If you don't want to use itertools and column_stack, numpy.ndarray.resize will also do the job perfectly. As mentioned by jtweeder, you just need to know to resulting size of each rows. The advantage to use resize is that numpy.ndarray is contiguous in memory. Resizing is faster when each row differs alot in size. The performance difference is observable between the two approaches. 

import numpy as np
import timeit
import itertools

def stack_padding(it):

    def resize(row, size):
        new = np.array(row)
        new.resize(size)
        return new

    # find longest row length
    row_length = max(it, key=len).__len__()
    mat = np.array( [resize(row, row_length) for row in it] )

    return mat

def stack_padding1(l):
    return np.column_stack((itertools.zip_longest(*l, fillvalue=0)))


if __name__ == "__main__":
    n_rows = 200
    row_lengths = np.random.randint(30, 50, size=n_rows)
    mat = [np.random.randint(0, 100, size=s) for s in row_lengths]
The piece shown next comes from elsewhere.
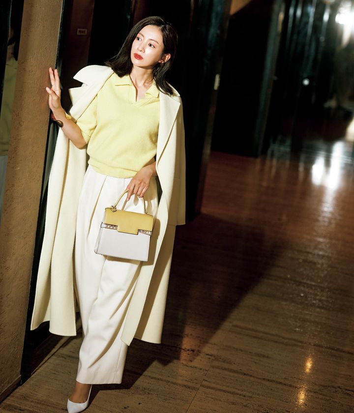 コート¥37,400(ミラ オーウェン/ミラ オーウェン ルミネ新宿2店)ニット¥59,400パンツ¥47,300(ともにキャバン/キャバン 丸の内店)バッグ¥933,900(デルヴォー)パンプス¥108,900(ジャンヴィト ロッシ/ジャンヴィト ロッシ ジャパン)イヤーカフ¥25,300(リューク)バングル¥51,700(ミショー/ハウス オブ ロータス)

    def test_stack_padding():
        global mat
        stack_padding(mat)

    def test_itertools():
        global mat
        stack_padding1(mat)

    t1 = timeit.timeit(test_stack_padding, number=1000)
    t2 = timeit.timeit(test_itertools, number=1000)
    print('With ndarray.resize: ', t1)
    print('With itertool and vstack: ', t2)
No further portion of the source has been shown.